While Material could have continued on that path, customers said they wanted to buy à la carte: just the knives or just the kitchen tools.
Making a change was risky, since more choices can paralyze the consumer, Byun said. Selling smaller product sets would also reduce average order value (AOV), a key metric for any ecommerce company. But Material decided to listen to its customers.
It rolled out smaller kitchen sets – a $115 two-knife set and a $60 set of three kitchen tools – and emailed every person who asked them to roll out smaller sets to let them know they could buy just the knives or just the kitchen tools.
“The opportunity for direct-to-consumer brands like ourselves is for them to think there is a person on the other side, not a massive organization,” Byun said.
Surprisingly, the move increased conversions. And customers still ended up selecting the larger package of tools, keeping AOV high.
“Seeing multiple ways they could buy Material, customers started to understand the true value of the highest price point item,” Byun said. “Offering them more information gave them more ways to engage with the brand, and taught us how consumers process pricing information.”
The experiment also validated Material’s philosophy: listen to customers, and measure results.
Early on, Material created an “intimate customer test group” of its earliest adopters, Byun said, who regularly give product feedback and act as product testers, like for a serrated knife Material will add this fall.
Material’s broader marketing efforts likewise emphasize authentic connections, not just hitting a KPI. Although Material does some paid social media on Facebook, Pinterest and Instagram, it doesn’t pay influencers.

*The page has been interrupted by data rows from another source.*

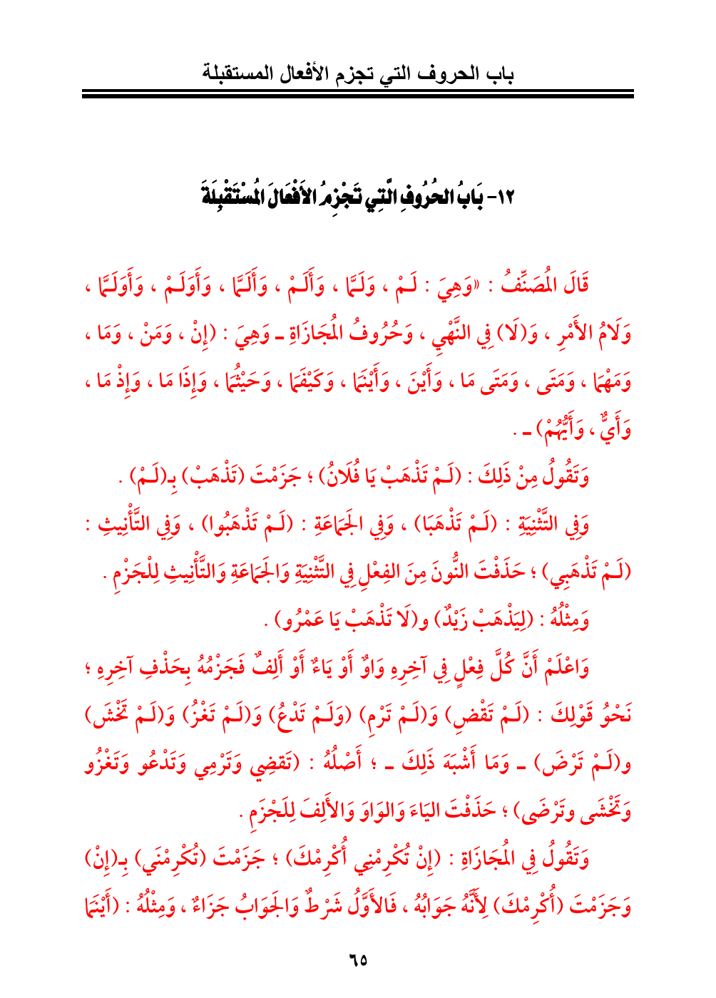 12 - بَابُ الحُرُوفِ الَّتِي تَجْزِمُ الأَفْعَالَ المُسْتَقْبِلَةَ
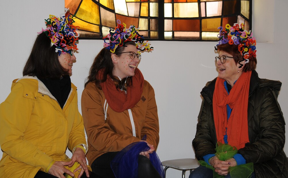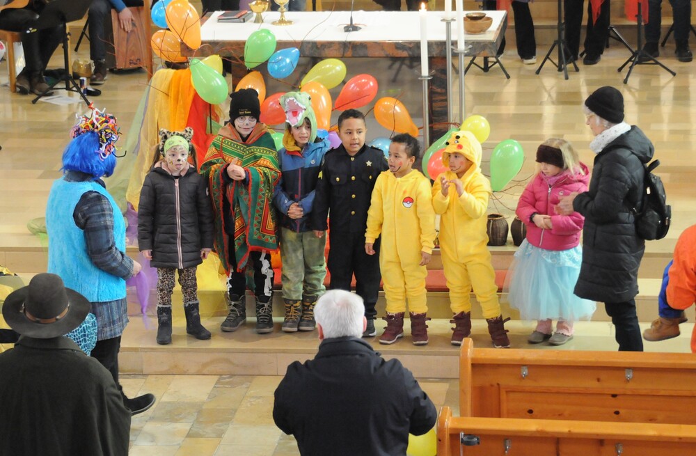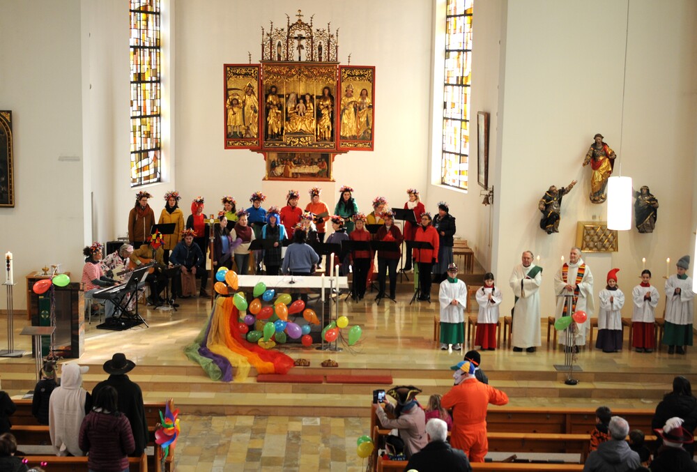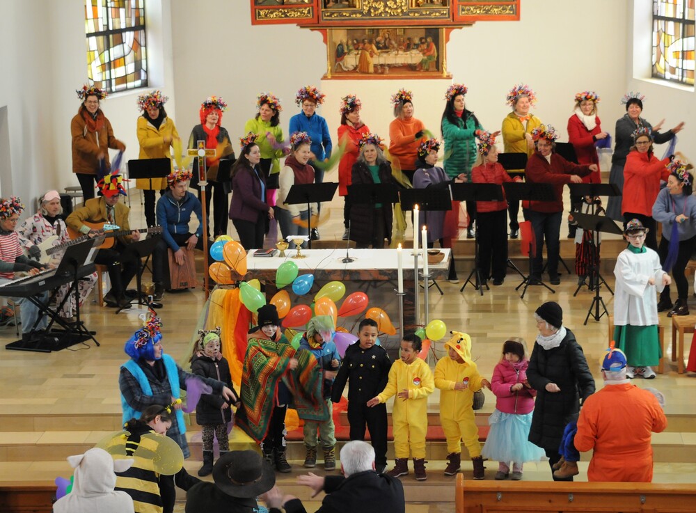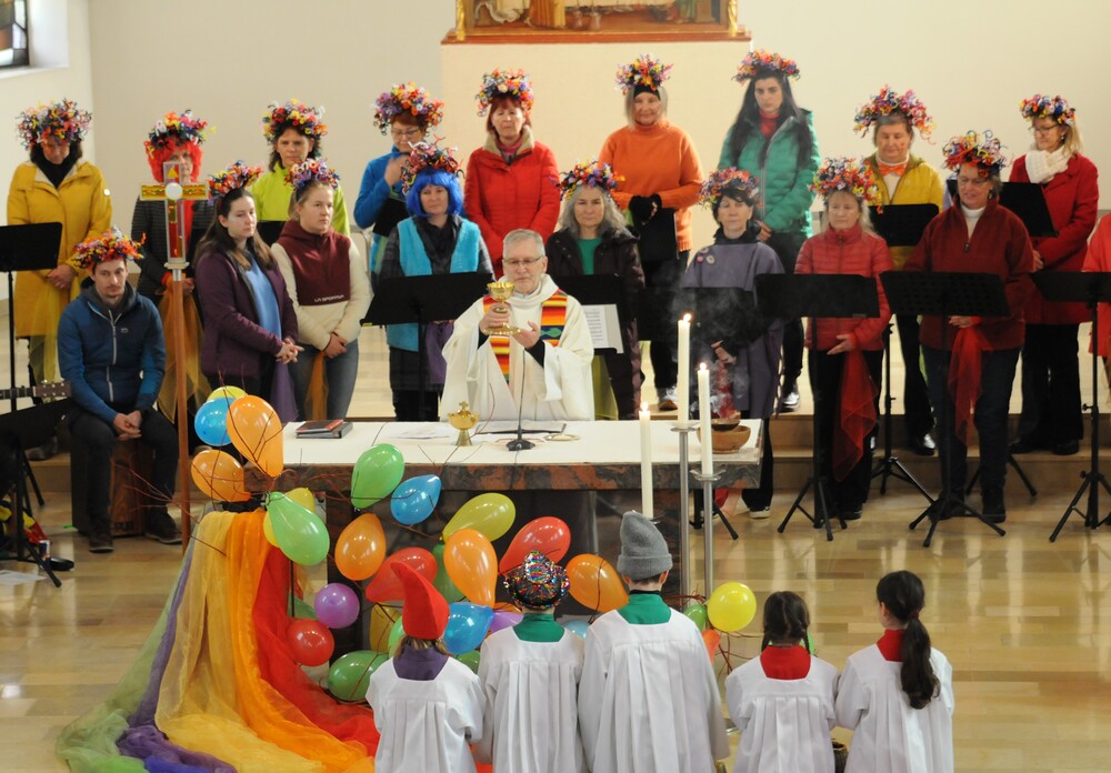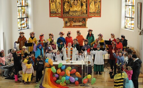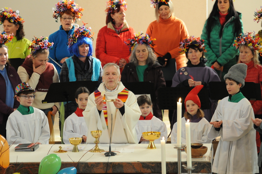 Schon beim Betreten der Kirche war eine besondere Atmosphäre spürbar und der Leitsatz für diesen speziellen Sonntag erkennbar: eine bunte Schar von farbigen Luftballons verwandelte den Gabentisch in eine Farbpalette, wobei die verschiedenen Farben nicht nur schön ausschauten, sondern auch voll dem Grundgedanken des Gottesdienstes entsprachen, weil die Farbkombinationen - inspiriert von der Natur und dem Alltag - so gewählt waren, dass sie zu einzelnen Abschnitten des Gottesdienstes die praktische Inspiration lieferten. Viele Gläubige, darunter zahlreiche Kinder, erschienen als „lustige Gestalten“ kostümiert, besonders auffällig waren die Damen vom Chor imPuls mit ihren bunten, schillernden „Trendfrisuren“ und farbenfrohen Tüchern. Auch die Ministranten waren etwas bunter als sonst und selbst Vikar Edwin Matt ließ es sich nicht nehmen, beim Einzug ein elegantes Faschingshütchen zu tragen.
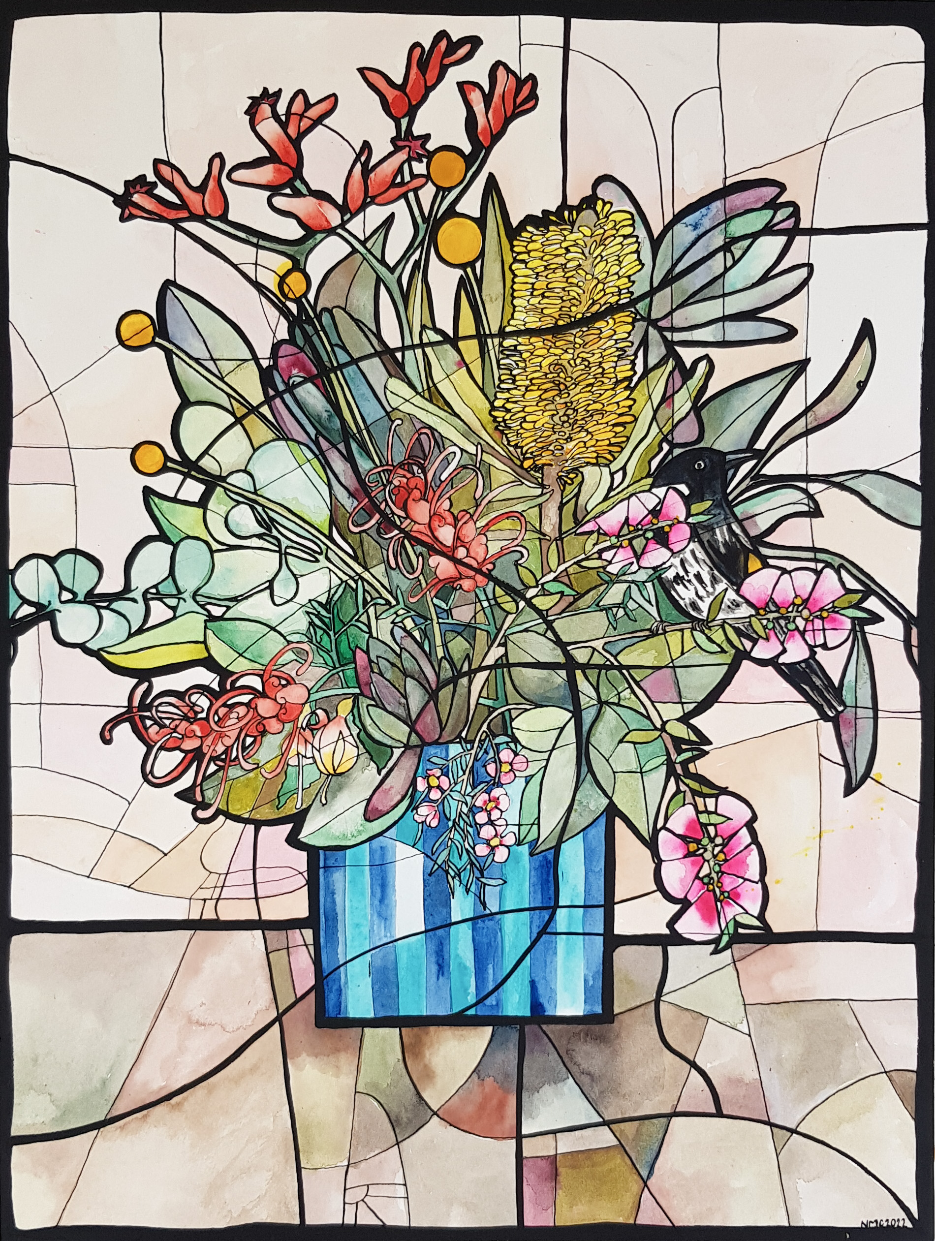 Banksia, kangaroo paws, bottlebrush billy buttons and more are depicted in a blue striped vase with a sweet honeyeater perched within. Each element is stylized and broken down into almost abstract shapes.
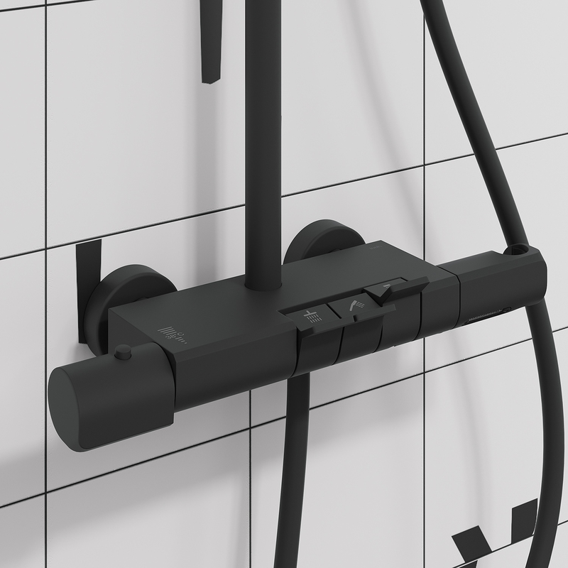 Современная душевая система SpaHome в трендовом черном цвете, где собраны топовые технологии для самого комфортного принятия душа и ванны: клавишное управление, термостат, тропический верхний душ, большая ручная лейка, излив. • Термостат поддерживает выбранный температурный режим, что важно для безопасности детей и пожилых людей. Плюс настроив температуру один раз, не придется сливать лишние литры и платить за них. • 3 выхода для воды: излив, верхняя лейка, ручная лейка. Каждый из них включается мягким нажатием клавиши – как по отдельности, так и одновременно. • Напор воды регулируется той же клавишей: чем ниже опущена клавиша, тем он сильнее. • Скрытый в корпусе излив позволит наполнить ванну или набрать емкость с водой. • Минималистичный дизайн смотрится лаконично и стильно. • В комплекте: верхняя лейка 260х260х65 мм, ручная лейка с 3 режимами 270х125 мм, гладкий душевой шланг 1,5 м. Гарантия на смеситель – 10 лет, на душевые аксессуары – 3 года. (с) Авторский текст, сентябрь 2023 г.
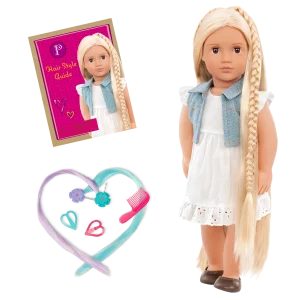 Kjo kukull e bukur 18 inç ka sy lajthie që hapen dhe mbyllen me flokë të gjatë, bjonde të lehta që janë shumë argëtuese për t’u krehur dhe stiluar!
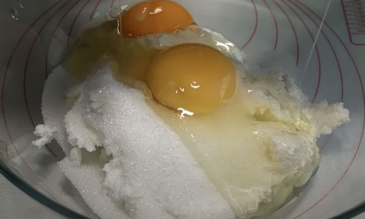 В глубокую миску перекладываем творог, засыпаем его сахаром, разбиваем сверху яйца и перемешиваем в однородную массу.
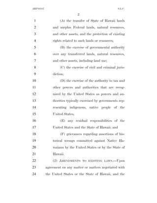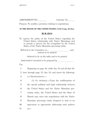 This document is an amendment to a bill regarding negotiations between the United States, Hawaii, and a Native Hawaiian governing entity. It strikes existing text and replaces it with provisions establishing parameters for negotiations and the authority of the Native Hawaiian governing entity during negotiations. Key points include: allowing negotiations on land transfers, authorities, and grievances; proposing amendments to laws after agreements; and limiting the entity's authority until implementing legislation is passed.
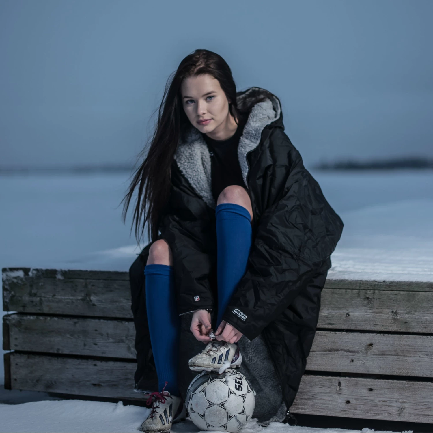Get dry, cover up and stay warm with dryrobe®. If you find yourself hanging around at sporting events, waiting to participate or watching your kids, a dryrobe® Advance Long Sleeve will keep you warm in any climate.
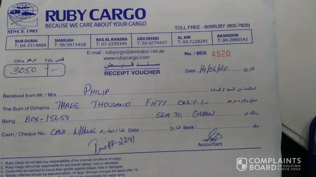 I would like to file a complaint for ruby cargo which operating here in dubai and abu dhabi, because you don't have your own warehouse, forwarder and agent directly to philippines and not paying properly the sub-company you are using in philippines, they hold the shipment for more than 60 days that causes too much delay. First of all you get from your customer cash payment and not process our shipment on time because you're using our money to your benefits only.! please correct your business ethics. How can you get trust from people.

The hope is that they will be inspired to post about Material’s products based simply on genuine satisfaction.
“We wanted to ensure that there was authenticity with the influencers we engaged with,” Byun said. “They are advocating for us because they like the products.”
Material keeps close track of how people posting about the brand on social media impacts site traffic and sales.
Each month, Material also reaches out to influencers in different interest categories – design, fashion, minimalist #mariekondo fans – to see how they respond to their products.
For example, when Eva Chen, head of fashion partnerships at Instagram, posted about Material on Instagram stories, Material monitored increases in web traffic.
Besides influencers, Material also looks for recent movers and people getting married, who often want to upgrade their stuff.
Via direct mail, which possesses precise targeting abilities around people who recently moved, Material is winning over one subset of those life stage customers.
It has also partnered with Zola to make it easier for customers to add Material’s products to their wedding registries.
Material is mindful of balancing paid and organic marketing to ensure long-term growth.
“For us, measurement is about ensuring we aren’t becoming over-reliant on paid media to drive sales,” Byun said. “When you are truly creating a brand and products that matter, having organic traffic and direct sales come your way is really important.”
If a customer buys the knives after seeing a friend use them or post about them on Instagram, and in turn loves the product so much they post about it, Byun knows Material is building a sustainable brand.
“We want to tie the qualitative data to the quantitative data we are seeing,” Byun said – combining old-fashioned personal connections with digitally tracked customer data.